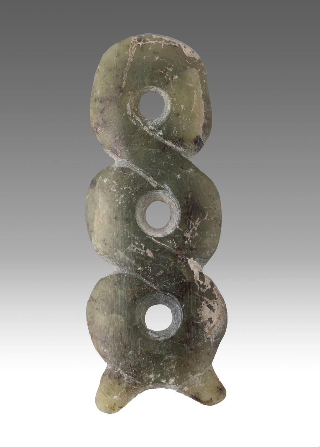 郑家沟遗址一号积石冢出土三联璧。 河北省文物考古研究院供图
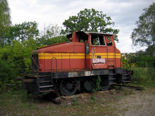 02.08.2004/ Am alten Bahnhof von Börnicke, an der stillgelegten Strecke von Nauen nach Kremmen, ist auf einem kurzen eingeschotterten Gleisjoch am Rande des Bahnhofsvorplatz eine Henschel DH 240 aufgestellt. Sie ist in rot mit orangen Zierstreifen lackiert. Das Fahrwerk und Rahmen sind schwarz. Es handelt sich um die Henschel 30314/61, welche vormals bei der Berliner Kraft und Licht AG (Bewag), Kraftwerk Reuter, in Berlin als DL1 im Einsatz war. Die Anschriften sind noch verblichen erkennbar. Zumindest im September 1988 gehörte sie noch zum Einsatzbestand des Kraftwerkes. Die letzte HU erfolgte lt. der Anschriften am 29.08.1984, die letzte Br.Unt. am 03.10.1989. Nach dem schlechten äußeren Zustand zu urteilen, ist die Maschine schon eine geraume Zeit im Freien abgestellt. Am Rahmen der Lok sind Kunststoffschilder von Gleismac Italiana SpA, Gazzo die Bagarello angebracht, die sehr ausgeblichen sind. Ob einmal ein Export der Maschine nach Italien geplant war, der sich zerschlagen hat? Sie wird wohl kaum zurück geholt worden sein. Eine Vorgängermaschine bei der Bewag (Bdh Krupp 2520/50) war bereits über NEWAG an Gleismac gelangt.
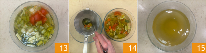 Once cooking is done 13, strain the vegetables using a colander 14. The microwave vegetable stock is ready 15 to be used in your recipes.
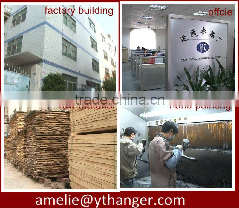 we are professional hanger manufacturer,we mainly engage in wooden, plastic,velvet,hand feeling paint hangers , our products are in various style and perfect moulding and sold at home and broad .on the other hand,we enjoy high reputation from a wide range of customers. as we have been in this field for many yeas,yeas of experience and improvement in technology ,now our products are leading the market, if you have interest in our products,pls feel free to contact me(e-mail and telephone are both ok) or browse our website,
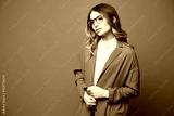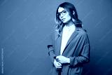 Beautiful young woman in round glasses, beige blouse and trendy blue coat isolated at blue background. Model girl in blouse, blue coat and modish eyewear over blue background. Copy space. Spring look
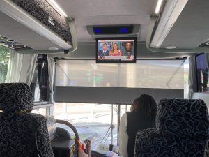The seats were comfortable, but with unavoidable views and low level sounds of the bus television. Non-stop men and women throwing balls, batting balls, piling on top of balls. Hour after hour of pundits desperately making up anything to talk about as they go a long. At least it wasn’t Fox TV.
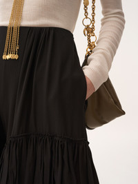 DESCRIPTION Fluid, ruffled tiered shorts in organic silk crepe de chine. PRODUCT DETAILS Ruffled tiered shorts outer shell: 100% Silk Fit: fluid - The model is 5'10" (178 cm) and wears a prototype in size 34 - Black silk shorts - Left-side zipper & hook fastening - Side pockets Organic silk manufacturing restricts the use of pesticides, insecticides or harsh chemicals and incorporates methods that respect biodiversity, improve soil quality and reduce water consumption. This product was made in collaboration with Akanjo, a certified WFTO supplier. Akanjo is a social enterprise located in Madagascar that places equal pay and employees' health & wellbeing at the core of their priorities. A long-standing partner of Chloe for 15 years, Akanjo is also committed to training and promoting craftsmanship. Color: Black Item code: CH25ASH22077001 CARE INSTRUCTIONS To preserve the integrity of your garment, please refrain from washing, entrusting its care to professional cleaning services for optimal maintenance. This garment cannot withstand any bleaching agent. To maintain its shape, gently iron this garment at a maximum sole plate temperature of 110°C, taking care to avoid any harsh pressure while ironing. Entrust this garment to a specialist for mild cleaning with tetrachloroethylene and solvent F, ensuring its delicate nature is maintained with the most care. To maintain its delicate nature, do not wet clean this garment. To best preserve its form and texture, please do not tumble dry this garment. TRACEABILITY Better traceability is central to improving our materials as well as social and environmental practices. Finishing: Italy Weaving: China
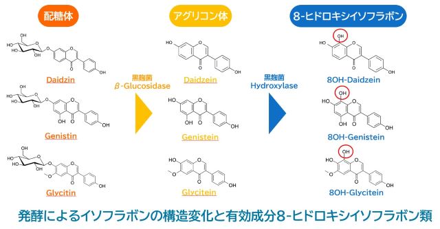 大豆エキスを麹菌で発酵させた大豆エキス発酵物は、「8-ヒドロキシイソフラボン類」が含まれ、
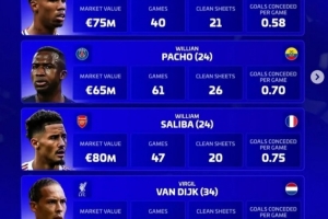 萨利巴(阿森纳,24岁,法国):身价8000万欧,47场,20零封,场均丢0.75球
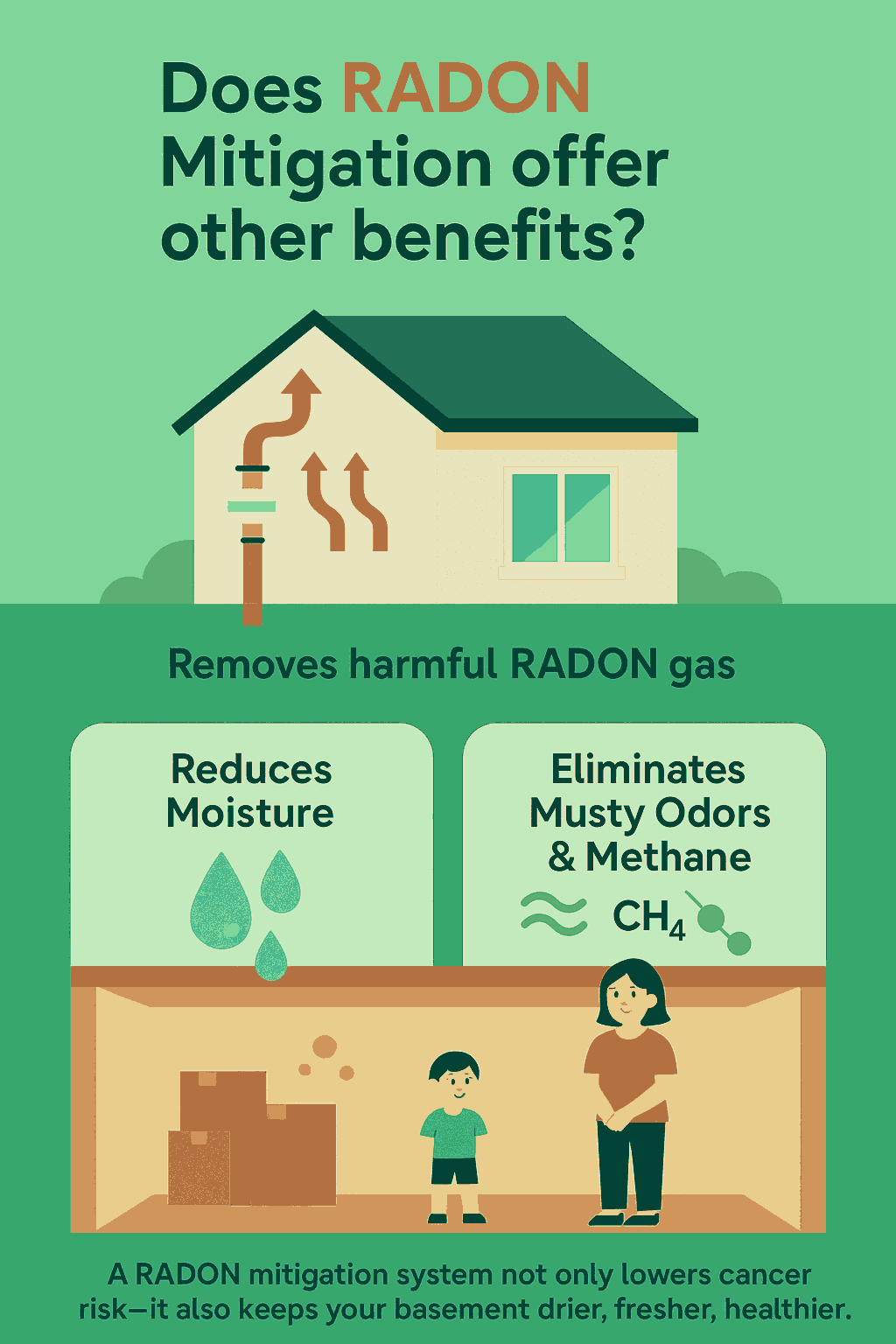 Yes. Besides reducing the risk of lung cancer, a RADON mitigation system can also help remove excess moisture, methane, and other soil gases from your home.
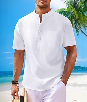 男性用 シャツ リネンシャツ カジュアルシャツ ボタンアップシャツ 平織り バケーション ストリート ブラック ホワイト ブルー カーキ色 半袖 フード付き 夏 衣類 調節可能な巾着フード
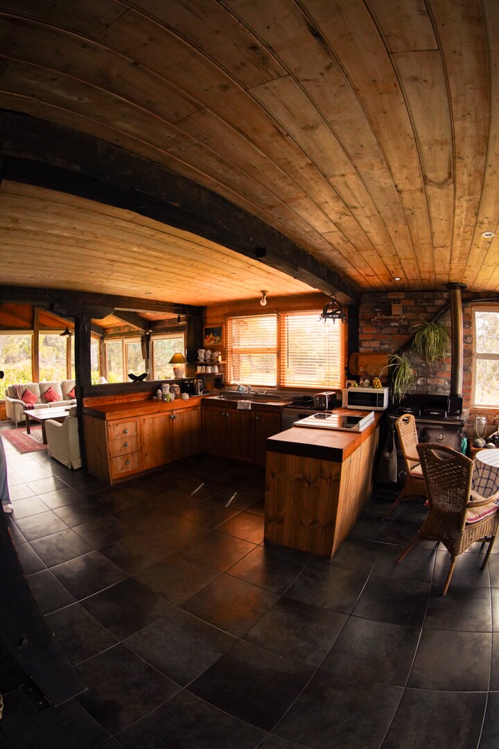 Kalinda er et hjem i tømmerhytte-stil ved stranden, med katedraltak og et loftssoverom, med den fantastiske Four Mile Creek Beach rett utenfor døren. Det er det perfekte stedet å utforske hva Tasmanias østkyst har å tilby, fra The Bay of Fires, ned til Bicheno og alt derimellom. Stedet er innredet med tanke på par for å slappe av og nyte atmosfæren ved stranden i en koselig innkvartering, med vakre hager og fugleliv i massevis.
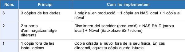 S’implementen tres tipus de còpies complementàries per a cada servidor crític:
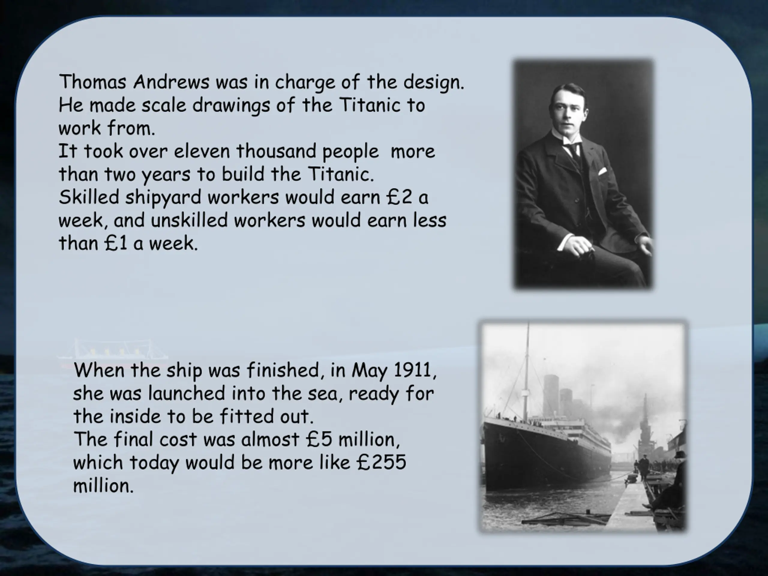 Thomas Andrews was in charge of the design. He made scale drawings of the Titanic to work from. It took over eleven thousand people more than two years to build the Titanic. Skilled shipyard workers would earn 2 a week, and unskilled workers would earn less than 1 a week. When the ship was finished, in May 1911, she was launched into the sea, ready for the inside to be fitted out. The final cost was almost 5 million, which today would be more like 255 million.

....

WHAT IS NEEDED → I would like the data above transcribed exactly, with its pictures left out.

ANSWER AREA →
 郑家沟遗址一号积石冢出土三联璧。 河北省文物考古研究院供图
 02.08.2004/ Am alten Bahnhof von Börnicke, an der stillgelegten Strecke von Nauen nach Kremmen, ist auf einem kurzen eingeschotterten Gleisjoch am Rande des Bahnhofsvorplatz eine Henschel DH 240 aufgestellt. Sie ist in rot mit orangen Zierstreifen lackiert. Das Fahrwerk und Rahmen sind schwarz. Es handelt sich um die Henschel 30314/61, welche vormals bei der Berliner Kraft und Licht AG (Bewag), Kraftwerk Reuter, in Berlin als DL1 im Einsatz war. Die Anschriften sind noch verblichen erkennbar. Zumindest im September 1988 gehörte sie noch zum Einsatzbestand des Kraftwerkes. Die letzte HU erfolgte lt. der Anschriften am 29.08.1984, die letzte Br.Unt. am 03.10.1989. Nach dem schlechten äußeren Zustand zu urteilen, ist die Maschine schon eine geraume Zeit im Freien abgestellt. Am Rahmen der Lok sind Kunststoffschilder von Gleismac Italiana SpA, Gazzo die Bagarello angebracht, die sehr ausgeblichen sind. Ob einmal ein Export der Maschine nach Italien geplant war, der sich zerschlagen hat? Sie wird wohl kaum zurück geholt worden sein. Eine Vorgängermaschine bei der Bewag (Bdh Krupp 2520/50) war bereits über NEWAG an Gleismac gelangt.
 Once cooking is done 13, strain the vegetables using a colander 14. The microwave vegetable stock is ready 15 to be used in your recipes.
 we are professional hanger manufacturer,we mainly engage in wooden, plastic,velvet,hand feeling paint hangers , our products are in various style and perfect moulding and sold at home and broad .on the other hand,we enjoy high reputation from a wide range of customers. as we have been in this field for many yeas,yeas of experience and improvement in technology ,now our products are leading the market, if you have interest in our products,pls feel free to contact me(e-mail and telephone are both ok) or browse our website,
 Beautiful young woman in round glasses, beige blouse and trendy blue coat isolated at blue background. Model girl in blouse, blue coat and modish eyewear over blue background. Copy space. Spring look
The seats were comfortable, but with unavoidable views and low level sounds of the bus television. Non-stop men and women throwing balls, batting balls, piling on top of balls. Hour after hour of pundits desperately making up anything to talk about as they go a long. At least it wasn’t Fox TV.
 DESCRIPTION Fluid, ruffled tiered shorts in organic silk crepe de chine. PRODUCT DETAILS Ruffled tiered shorts outer shell: 100% Silk Fit: fluid - The model is 5'10" (178 cm) and wears a prototype in size 34 - Black silk shorts - Left-side zipper & hook fastening - Side pockets Organic silk manufacturing restricts the use of pesticides, insecticides or harsh chemicals and incorporates methods that respect biodiversity, improve soil quality and reduce water consumption. This product was made in collaboration with Akanjo, a certified WFTO supplier. Akanjo is a social enterprise located in Madagascar that places equal pay and employees' health & wellbeing at the core of their priorities. A long-standing partner of Chloe for 15 years, Akanjo is also committed to training and promoting craftsmanship. Color: Black Item code: CH25ASH22077001 CARE INSTRUCTIONS To preserve the integrity of your garment, please refrain from washing, entrusting its care to professional cleaning services for optimal maintenance. This garment cannot withstand any bleaching agent. To maintain its shape, gently iron this garment at a maximum sole plate temperature of 110°C, taking care to avoid any harsh pressure while ironing. Entrust this garment to a specialist for mild cleaning with tetrachloroethylene and solvent F, ensuring its delicate nature is maintained with the most care. To maintain its delicate nature, do not wet clean this garment. To best preserve its form and texture, please do not tumble dry this garment. TRACEABILITY Better traceability is central to improving our materials as well as social and environmental practices. Finishing: Italy Weaving: China
 大豆エキスを麹菌で発酵させた大豆エキス発酵物は、「8-ヒドロキシイソフラボン類」が含まれ、
 萨利巴(阿森纳,24岁,法国):身价8000万欧,47场,20零封,场均丢0.75球
 Yes. Besides reducing the risk of lung cancer, a RADON mitigation system can also help remove excess moisture, methane, and other soil gases from your home.
 男性用 シャツ リネンシャツ カジュアルシャツ ボタンアップシャツ 平織り バケーション ストリート ブラック ホワイト ブルー カーキ色 半袖 フード付き 夏 衣類 調節可能な巾着フード
 Kalinda er et hjem i tømmerhytte-stil ved stranden, med katedraltak og et loftssoverom, med den fantastiske Four Mile Creek Beach rett utenfor døren. Det er det perfekte stedet å utforske hva Tasmanias østkyst har å tilby, fra The Bay of Fires, ned til Bicheno og alt derimellom. Stedet er innredet med tanke på par for å slappe av og nyte atmosfæren ved stranden i en koselig innkvartering, med vakre hager og fugleliv i massevis.
 S’implementen tres tipus de còpies complementàries per a cada servidor crític:
 Thomas Andrews was in charge of the design. He made scale drawings of the Titanic to work from. It took over eleven thousand people more than two years to build the Titanic. Skilled shipyard workers would earn 2 a week, and unskilled workers would earn less than 1 a week. When the ship was finished, in May 1911, she was launched into the sea, ready for the inside to be fitted out. The final cost was almost 5 million, which today would be more like 255 million.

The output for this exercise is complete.